Real basic first question, you sure need to grasp this quickly.

2 dice have 36 possible outcomes. There is only one way to roll a 2, so the chances are 1 in 36. There are 6 ways to roll a 7, chances are 6 in 36 [or 1/6]. Etc.

https://wizardofodds.com/gambling/dice/

As for a number to repeat, you need to rephrase your question more specifically.

Quote: K8

What is the formula for calculating the probability that the next toss will be a specific box number?

Say the #6
From the Wizards page lined to above, we see there are 5 ways a #6 can roll from the 36 total

Probability that the very next roll will be a #6 = 5/36 or 13.89% if you need to see it that way
Same for the #8 = 5/36
The other numbers you can do and check if you are right
The formula being n/36
n= the total ways a specific number can roll

Quote: K8

How about the formula for numbers repeating?
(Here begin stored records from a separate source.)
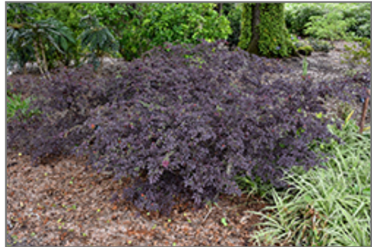
Purple Daydream Fringeflower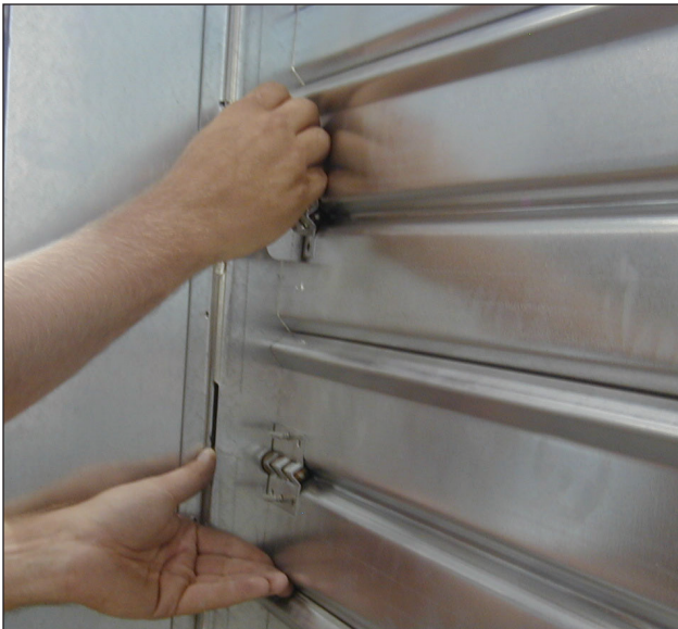
5. Push in lever and grab blade bracket to open blades up.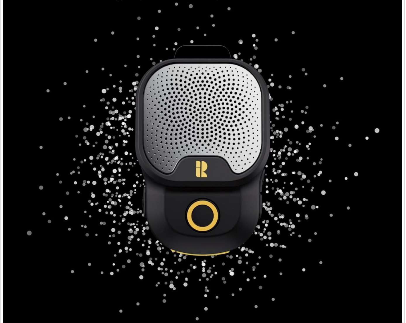
Figure 3: Enhanced Noise Cancellation. The speaker features advanced ENC noise-cancelling technology for clear communication during calls.

Industry-leading noise canceling with Dual Noise Sensor technology. Specific uses for product : Communication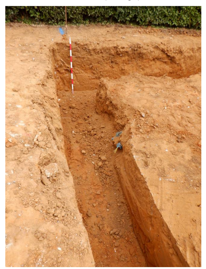
Plate 5. View of section (looking E)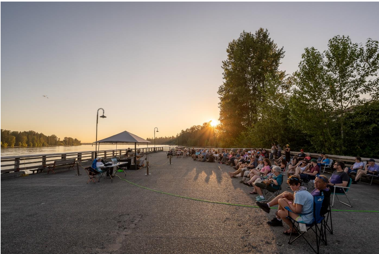
Etienne Siew performs at Music on the Wharf July 25, 2022.

We were thrilled to be able to bring Music on the Wharf back to the historic Port Haney Wharf in 2022. We had four amazing bands/artists who brought a variety of musical styles to the wharf and had between 60 and 120 patrons per performance.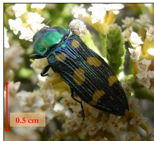
Plate 1. The Miena jewel beetle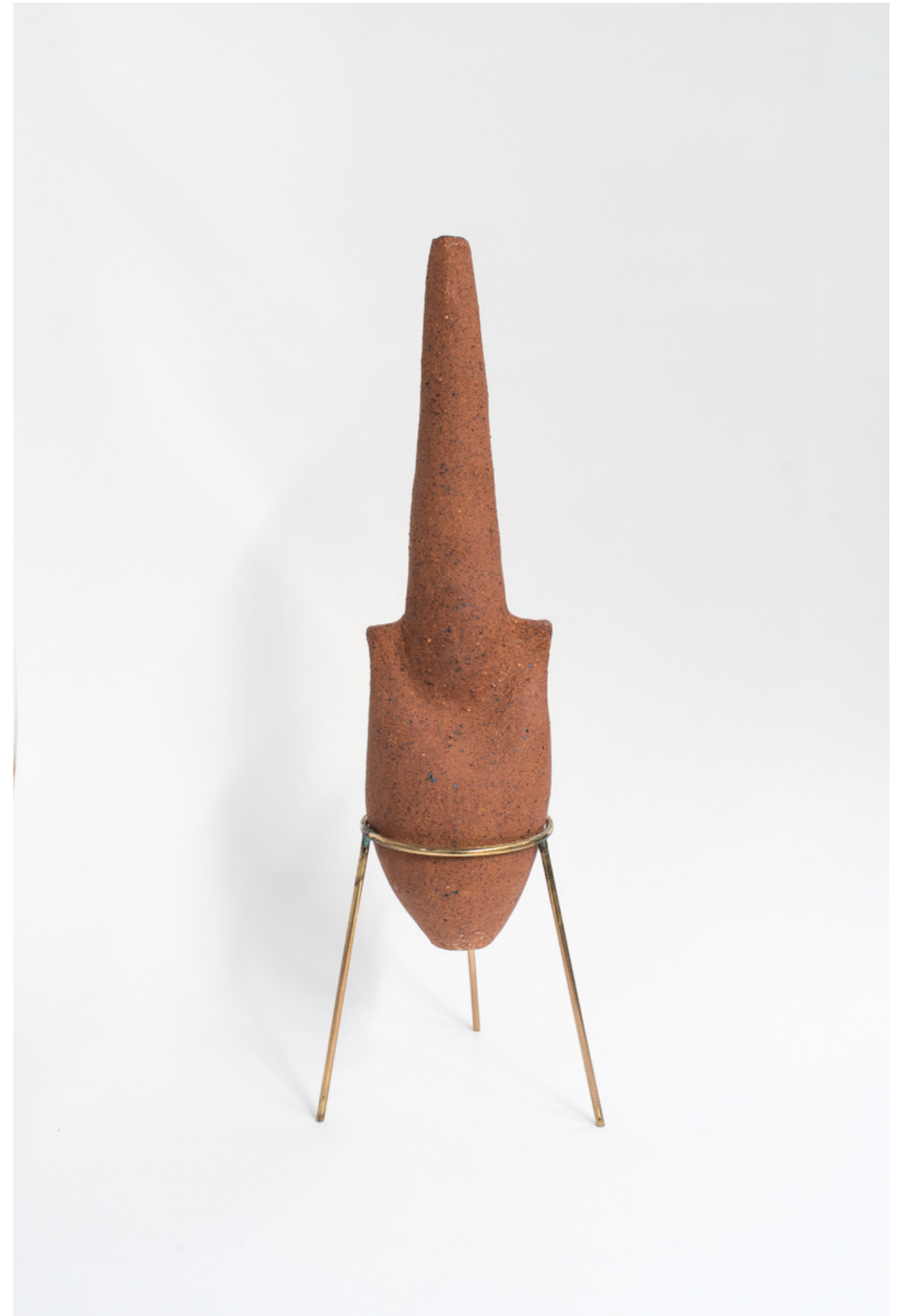
Bare stoneware sculpture, brass 37x15cm

Scenario #1) A #6 just rolled. You want to know the chance of a #6 rolling AGAIN, on the very next roll. (repeating 6s)
That should be 5/36
(n/36)

Scenario #2) You hold 2 dice in your hand.
What is the chance that on the very next 2 rolls, you will roll 2 6s?
5/36 * 5/36 = 1.93%
(roll#1 times roll #2)
n/36 * n/36
or (n/36)^2

Scenario #3) What is the chance that ANY number will roll twice in the next 2 rolls? 11.27%
= (1/36)^2 + (2/36)^2 + (3/36)^2 + (4/36)^2 + (5/36)^2 + (6/36)^2 + (5/36)^2 + (4/36)^2 + (3/36)^2 + (2/36)^2 + (1/36)^2
https://wizardofodds.com/ask-the-wizard/probability/dice/
^2 means to the power of 2
or multiply the number 2 times (1/36)*(1/36)

Hope it all helps

thank you, Very Much!

Well, almost OK. Next question. To get the probability of a a multiple bet such as inside place bets, do you add the number of combinations then divide by 36?

Quote: K8

Well, almost OK. Next question. To get the probability of a a multiple bet such as inside place bets, do you add the number of combinations then divide by 36?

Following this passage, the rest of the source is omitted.